PROVIDED RECORDS –
────────────────

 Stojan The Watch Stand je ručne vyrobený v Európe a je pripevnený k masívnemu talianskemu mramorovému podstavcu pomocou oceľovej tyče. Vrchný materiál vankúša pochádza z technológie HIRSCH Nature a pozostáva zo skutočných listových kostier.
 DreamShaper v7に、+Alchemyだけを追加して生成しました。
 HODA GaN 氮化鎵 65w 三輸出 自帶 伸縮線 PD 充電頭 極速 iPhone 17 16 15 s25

────────────────

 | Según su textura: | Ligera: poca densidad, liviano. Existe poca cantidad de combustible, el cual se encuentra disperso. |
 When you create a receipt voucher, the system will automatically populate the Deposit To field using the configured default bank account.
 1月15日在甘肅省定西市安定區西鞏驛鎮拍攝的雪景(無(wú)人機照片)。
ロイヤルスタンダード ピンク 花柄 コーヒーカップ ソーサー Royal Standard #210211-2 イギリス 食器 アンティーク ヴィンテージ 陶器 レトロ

────────────────

ASSIGNED TASK – The range runs from the line with "Stojan The Watch" up to and including the line with "HODA GaN 氮化鎵" in the listing above; please write out exactly those lines and nothing more.

ANSWER TO THIS PROBLEM –
 Stojan The Watch Stand je ručne vyrobený v Európe a je pripevnený k masívnemu talianskemu mramorovému podstavcu pomocou oceľovej tyče. Vrchný materiál vankúša pochádza z technológie HIRSCH Nature a pozostáva zo skutočných listových kostier.
 DreamShaper v7に、+Alchemyだけを追加して生成しました。
 HODA GaN 氮化鎵 65w 三輸出 自帶 伸縮線 PD 充電頭 極速 iPhone 17 16 15 s25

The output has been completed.